Published in final edited form as: Toxicol Appl Pharmacol. 2018 Sep 19;359:47–54. doi: 10.1016/j.taap.2018.09.022

Bisphenol A (BPA) and bisphenol S (BPS) alter the promoter activity of the ABCB1 gene encoding P-glycoprotein in the human placenta in a haplotype-dependent manner

Jordan T Speidel 1,2,3, Meixiang Xu 2, Sherif Z Abdel-Rahman 2,4
PMCID: PMC6196727  NIHMSID: NIHMS1507919  PMID: 30240697

Abstract

Exposure to bisphenols (BPA and BPS) during pregnancy can significantly affect fetal development and increase risk of adverse health consequences, however the underlying mechanisms are not fully elucidated. In human placenta, the efflux transporter P-glycoprotein (P-gp), encoded by the ABCB1 gene, extrudes its substrates from the trophoblasts back into the maternal circulation. Alterations in levels of placental P-gp could therefore significantly affect fetal exposure to xenobiotics that are P-gp substrates.

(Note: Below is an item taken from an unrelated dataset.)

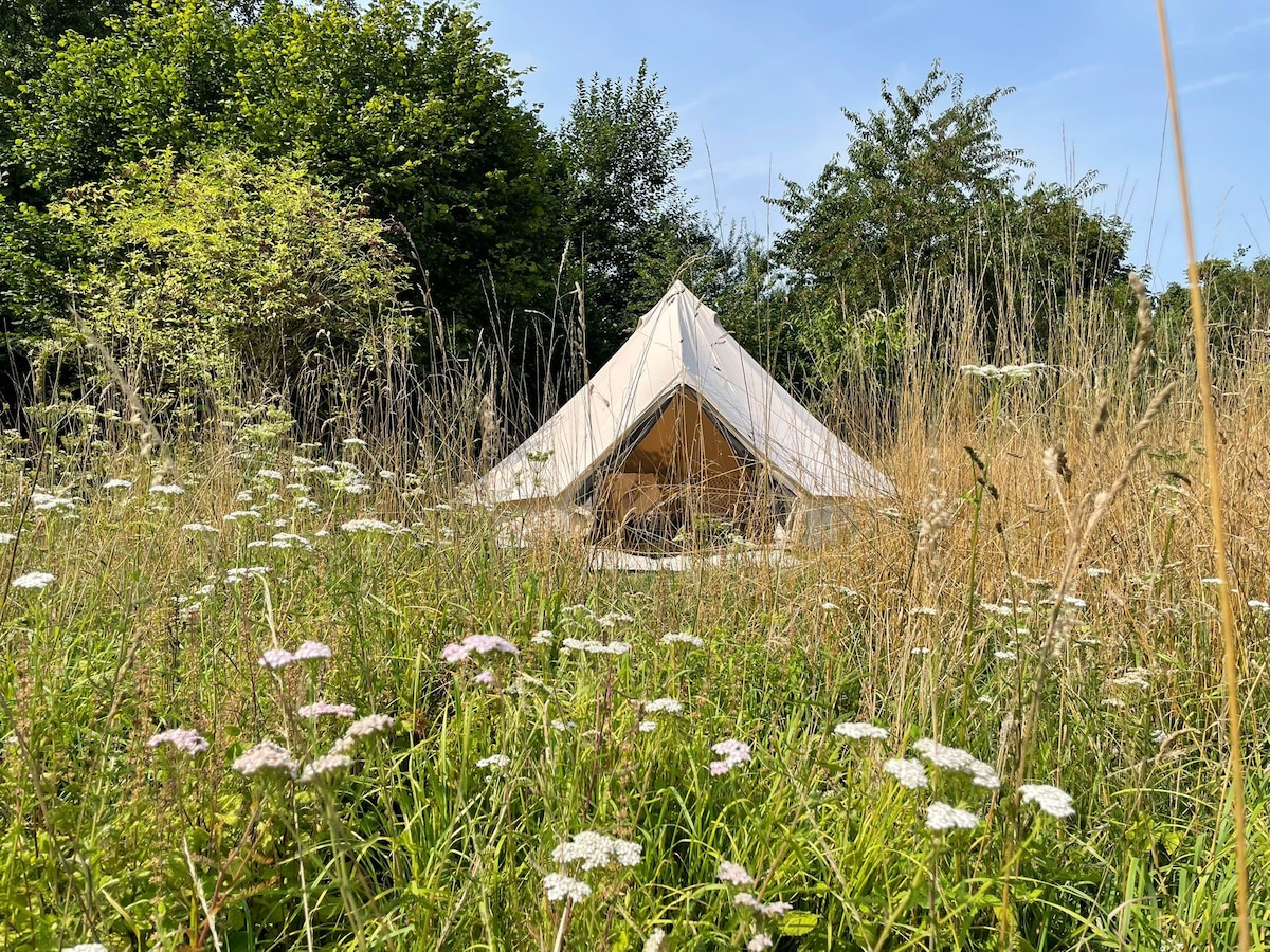 Tente glamping sur le thème des EXPLORATEURS au cœur de la nature attenant à la "Ferme de la Chevêche" - à 15 min de Namur, portes des Ardennes. Hébergement à la décoration scandinave et naturelle. Atmosphère cocoon et romantique, parfaite pour les couples, avec la possibilité de loger 4 personnes. Brasero + BBQ + poêle à bois à disposition. Toilette sèche à quelques mètres de la tente. Pour se laver : cruche d'eau et bassine à l'ancienne. Vue imprenable et couchers de soleil incroyables !
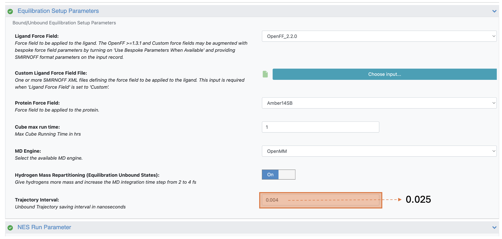 In the Equilibration Setup Parameters group, change the Trajectory Interval to 0.025. This six times increase from the default settings reduces storage costs and increases overall floe throughput.

The ABCB1 promoter contains many single nucleotide polymorphisms (SNPs). In the genome, SNPs are not arrayed as independent variants but as combinations forming defined haplotypes. Recently, we determined the haplotype sequences encompassing the ABCB1 promoter SNPs and found that promoter haplotypes differentially affect ABCB1 promoter activity. Here we investigate the effect of BPA and BPS on ABCB1 promoter activity by testing the hypothesis that BPA and BPS exposure affect ABCB1 promoter activity in a haplotype-dependent manner. Our data indicate that acute exposure to 50nM BPA induced a significant haplotype-dependent increase in ABCB1 promoter activity (P<0.05). However, acute exposure to 0.5nM BPS induced a significant decrease (P<0.05) in promoter activity that was haplotype-dependent. Chronic exposure to BPA and BPS individually (5nM and 0.3nM, respectively) or as a mixture (5nM BPA:1.5nM BPS) induced significant haplotype-dependent increases (P<0.01) in ABCB1 promoter activity. Our data indicate that BPA and BPS significantly alter ABCB1 promoter activity in a haplotype- and exposure type- dependent manners. Such alteration could significantly impact placental P-gp levels and alter fetal exposure to many therapeutic and environmental xenobiotics.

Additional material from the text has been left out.